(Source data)
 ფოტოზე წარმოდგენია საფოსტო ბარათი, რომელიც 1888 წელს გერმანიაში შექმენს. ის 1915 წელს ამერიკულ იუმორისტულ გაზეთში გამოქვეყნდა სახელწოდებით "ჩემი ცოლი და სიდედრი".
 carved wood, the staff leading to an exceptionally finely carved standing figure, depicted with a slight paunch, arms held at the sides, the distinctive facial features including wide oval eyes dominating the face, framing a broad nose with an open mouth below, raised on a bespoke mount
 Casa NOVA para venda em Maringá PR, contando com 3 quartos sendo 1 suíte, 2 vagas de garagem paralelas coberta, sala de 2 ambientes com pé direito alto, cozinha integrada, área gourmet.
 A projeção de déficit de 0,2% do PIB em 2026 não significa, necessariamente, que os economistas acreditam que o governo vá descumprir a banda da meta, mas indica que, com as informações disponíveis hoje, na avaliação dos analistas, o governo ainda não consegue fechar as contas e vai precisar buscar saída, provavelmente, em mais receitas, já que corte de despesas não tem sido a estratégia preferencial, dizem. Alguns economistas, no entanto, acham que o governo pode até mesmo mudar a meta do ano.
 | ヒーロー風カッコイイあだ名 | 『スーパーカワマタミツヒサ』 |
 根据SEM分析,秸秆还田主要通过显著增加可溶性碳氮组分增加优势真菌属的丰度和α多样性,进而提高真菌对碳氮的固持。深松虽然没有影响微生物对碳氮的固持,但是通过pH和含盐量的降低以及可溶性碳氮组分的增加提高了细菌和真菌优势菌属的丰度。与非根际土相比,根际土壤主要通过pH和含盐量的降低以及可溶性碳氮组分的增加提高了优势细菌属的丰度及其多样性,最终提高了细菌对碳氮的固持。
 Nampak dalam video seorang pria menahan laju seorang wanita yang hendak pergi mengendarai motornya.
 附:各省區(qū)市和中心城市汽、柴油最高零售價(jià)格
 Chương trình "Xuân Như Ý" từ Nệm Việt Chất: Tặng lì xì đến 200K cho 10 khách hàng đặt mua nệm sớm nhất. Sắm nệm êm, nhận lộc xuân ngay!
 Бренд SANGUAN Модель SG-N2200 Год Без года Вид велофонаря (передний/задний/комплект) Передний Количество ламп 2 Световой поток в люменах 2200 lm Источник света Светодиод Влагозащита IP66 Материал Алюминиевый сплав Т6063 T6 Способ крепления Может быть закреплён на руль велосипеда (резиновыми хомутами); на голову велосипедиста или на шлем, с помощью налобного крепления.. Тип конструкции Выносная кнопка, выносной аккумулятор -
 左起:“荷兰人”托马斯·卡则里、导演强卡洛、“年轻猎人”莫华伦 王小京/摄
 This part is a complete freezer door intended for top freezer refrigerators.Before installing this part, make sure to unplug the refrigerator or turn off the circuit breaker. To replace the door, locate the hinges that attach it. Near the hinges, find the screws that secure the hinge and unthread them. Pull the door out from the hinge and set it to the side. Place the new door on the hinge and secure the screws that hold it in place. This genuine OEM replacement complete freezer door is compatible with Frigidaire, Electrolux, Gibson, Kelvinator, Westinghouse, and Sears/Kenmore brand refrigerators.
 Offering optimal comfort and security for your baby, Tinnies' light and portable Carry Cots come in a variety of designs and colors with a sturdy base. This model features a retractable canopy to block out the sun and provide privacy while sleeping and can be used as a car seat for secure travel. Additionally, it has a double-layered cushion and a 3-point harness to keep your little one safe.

#### About this task
The data should be written out again in full, exactly as it stands.

#### Answer space
 ფოტოზე წარმოდგენია საფოსტო ბარათი, რომელიც 1888 წელს გერმანიაში შექმენს. ის 1915 წელს ამერიკულ იუმორისტულ გაზეთში გამოქვეყნდა სახელწოდებით "ჩემი ცოლი და სიდედრი".
 carved wood, the staff leading to an exceptionally finely carved standing figure, depicted with a slight paunch, arms held at the sides, the distinctive facial features including wide oval eyes dominating the face, framing a broad nose with an open mouth below, raised on a bespoke mount
 Casa NOVA para venda em Maringá PR, contando com 3 quartos sendo 1 suíte, 2 vagas de garagem paralelas coberta, sala de 2 ambientes com pé direito alto, cozinha integrada, área gourmet.
 A projeção de déficit de 0,2% do PIB em 2026 não significa, necessariamente, que os economistas acreditam que o governo vá descumprir a banda da meta, mas indica que, com as informações disponíveis hoje, na avaliação dos analistas, o governo ainda não consegue fechar as contas e vai precisar buscar saída, provavelmente, em mais receitas, já que corte de despesas não tem sido a estratégia preferencial, dizem. Alguns economistas, no entanto, acham que o governo pode até mesmo mudar a meta do ano.
 | ヒーロー風カッコイイあだ名 | 『スーパーカワマタミツヒサ』 |
 根据SEM分析,秸秆还田主要通过显著增加可溶性碳氮组分增加优势真菌属的丰度和α多样性,进而提高真菌对碳氮的固持。深松虽然没有影响微生物对碳氮的固持,但是通过pH和含盐量的降低以及可溶性碳氮组分的增加提高了细菌和真菌优势菌属的丰度。与非根际土相比,根际土壤主要通过pH和含盐量的降低以及可溶性碳氮组分的增加提高了优势细菌属的丰度及其多样性,最终提高了细菌对碳氮的固持。
 Nampak dalam video seorang pria menahan laju seorang wanita yang hendak pergi mengendarai motornya.
 附:各省區(qū)市和中心城市汽、柴油最高零售價(jià)格
 Chương trình "Xuân Như Ý" từ Nệm Việt Chất: Tặng lì xì đến 200K cho 10 khách hàng đặt mua nệm sớm nhất. Sắm nệm êm, nhận lộc xuân ngay!
 Бренд SANGUAN Модель SG-N2200 Год Без года Вид велофонаря (передний/задний/комплект) Передний Количество ламп 2 Световой поток в люменах 2200 lm Источник света Светодиод Влагозащита IP66 Материал Алюминиевый сплав Т6063 T6 Способ крепления Может быть закреплён на руль велосипеда (резиновыми хомутами); на голову велосипедиста или на шлем, с помощью налобного крепления.. Тип конструкции Выносная кнопка, выносной аккумулятор -
 左起:“荷兰人”托马斯·卡则里、导演强卡洛、“年轻猎人”莫华伦 王小京/摄
 This part is a complete freezer door intended for top freezer refrigerators.Before installing this part, make sure to unplug the refrigerator or turn off the circuit breaker. To replace the door, locate the hinges that attach it. Near the hinges, find the screws that secure the hinge and unthread them. Pull the door out from the hinge and set it to the side. Place the new door on the hinge and secure the screws that hold it in place. This genuine OEM replacement complete freezer door is compatible with Frigidaire, Electrolux, Gibson, Kelvinator, Westinghouse, and Sears/Kenmore brand refrigerators.
 Offering optimal comfort and security for your baby, Tinnies' light and portable Carry Cots come in a variety of designs and colors with a sturdy base. This model features a retractable canopy to block out the sun and provide privacy while sleeping and can be used as a car seat for secure travel. Additionally, it has a double-layered cushion and a 3-point harness to keep your little one safe.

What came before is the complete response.